OSID State Persistence

Many applications using the OSID specifications will require state data to be persistent across invocations. Support for serialization and persistence is provided in the OSIDs, but little or not guidance on how this might be accomplished is mentioned. I've written a short paper called OKI OSID Serialization which examines what data might be persistent in OSID implementations, describes common strategies for persistence, and includes a full implementation of persistent state for the osid.shared.SharedManager.
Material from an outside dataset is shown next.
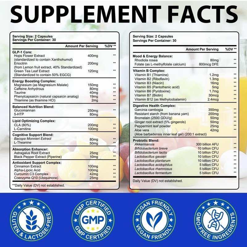 - Natural GLP-1 Supplement for Women & Men: Our GLP-1 supplement uses carefully formulated ingredients including Akkermansia probiotics, hops, green tea extract and nutrient-rich plant compounds to help maintain metabolic and digestive balance and promote natural GLP-1 levels.
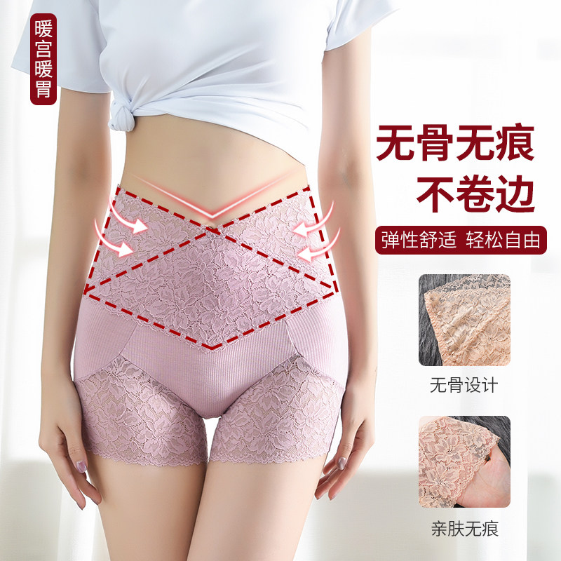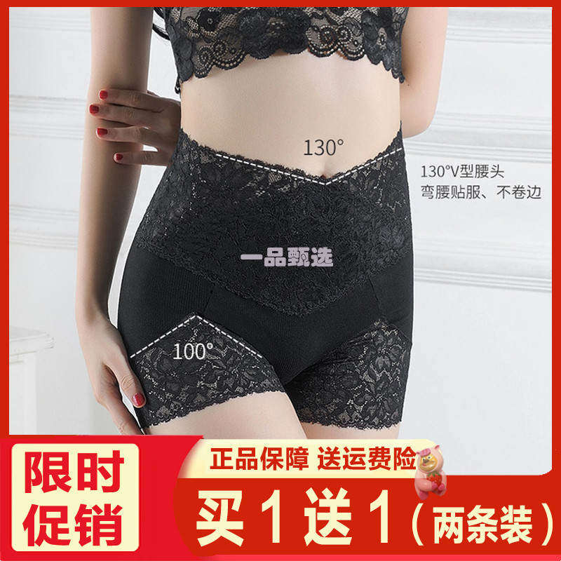 高腰收腹蕾丝安全裤防走光无痕平角内裤打底裤女提臀不卷边薄裸穿

Personal and Collaborative ePortfolios using OKI OSIDs

The real power of the OKI OSIDs can be difficult to see by just looking at the interface definitions. It takes a real application like ePortfolios to put the OSIDs into context. To put the problem into perspective, I've written an Overview of Personal and Collaborative Portfolios. This the the basis for a Design for ePortfolios using OSIDs. The design explores the use of filing, hiearchy, and dr to implement organization and collection structures, and examines the use of authentication and authorization to develop access control. Digital Rights Management is mentioned, along with some of the standards work being done in this area.

Remote File Repositories

While most digital repositories require a certain degree of formality, it is possible to concieve of a lightweight repository as a wrapper around a remote filing system accessed by FTP. An index-based searching mechanism can be added to perform limited file metadata searching. This is proposed in Remote Filing Repositories.

Tufts VUE Implementations

Several OKI OSID implementations were developed as part of the Tufts Visual Understanding Environment (VUE), a concept mapping appliation. OSIDs implemented include authorization, authentication, shared, and two forms of filing. The Cover Page goes into a bit more detail and has a link to download code and documentation.

Inheritance in Relational Databases

This paper explores how relational database tables can be set up and used to inherit attributes arranged as a hierarchy. In particular, this is used to explore how implicit authorizations can be resolved when they are persisted in a database.